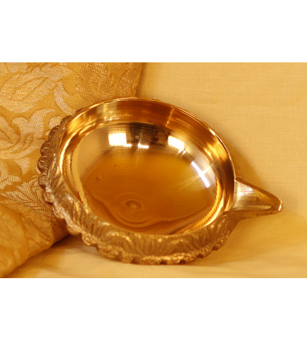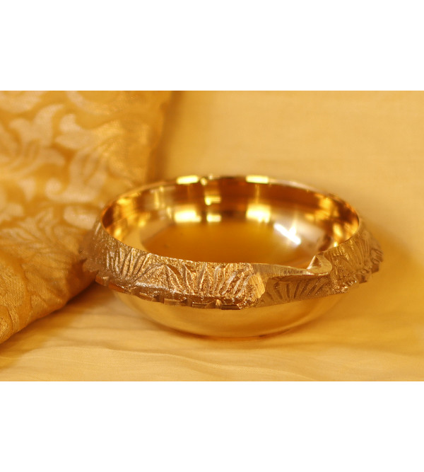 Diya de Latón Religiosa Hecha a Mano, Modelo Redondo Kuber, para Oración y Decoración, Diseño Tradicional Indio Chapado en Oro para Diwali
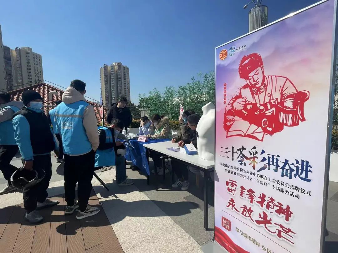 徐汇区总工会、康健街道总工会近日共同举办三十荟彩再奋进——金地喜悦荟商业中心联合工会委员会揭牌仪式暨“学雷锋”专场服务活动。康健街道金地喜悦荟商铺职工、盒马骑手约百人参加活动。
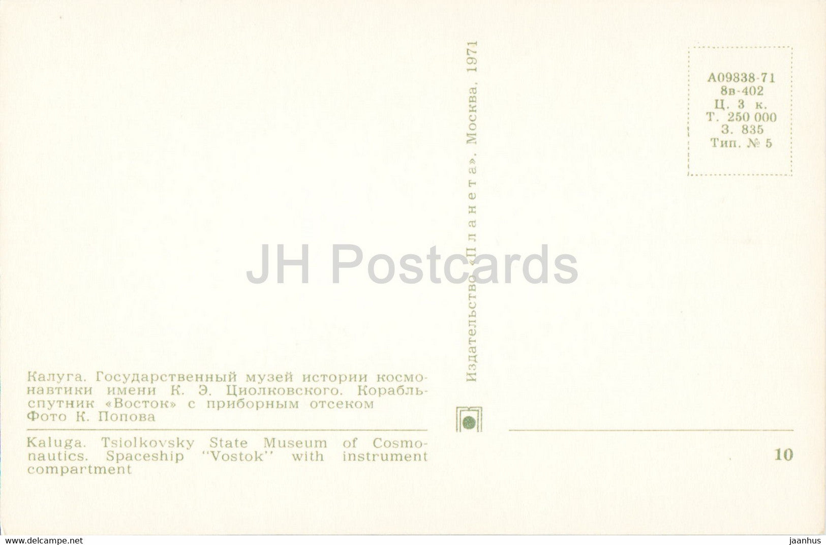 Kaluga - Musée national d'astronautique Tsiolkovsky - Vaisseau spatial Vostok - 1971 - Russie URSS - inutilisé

* **Work order**
Return the lines above exactly; the images are not part of the copy.

* **Expected answer**
 Diya de Latón Religiosa Hecha a Mano, Modelo Redondo Kuber, para Oración y Decoración, Diseño Tradicional Indio Chapado en Oro para Diwali
 徐汇区总工会、康健街道总工会近日共同举办三十荟彩再奋进——金地喜悦荟商业中心联合工会委员会揭牌仪式暨“学雷锋”专场服务活动。康健街道金地喜悦荟商铺职工、盒马骑手约百人参加活动。
 Kaluga - Musée national d'astronautique Tsiolkovsky - Vaisseau spatial Vostok - 1971 - Russie URSS - inutilisé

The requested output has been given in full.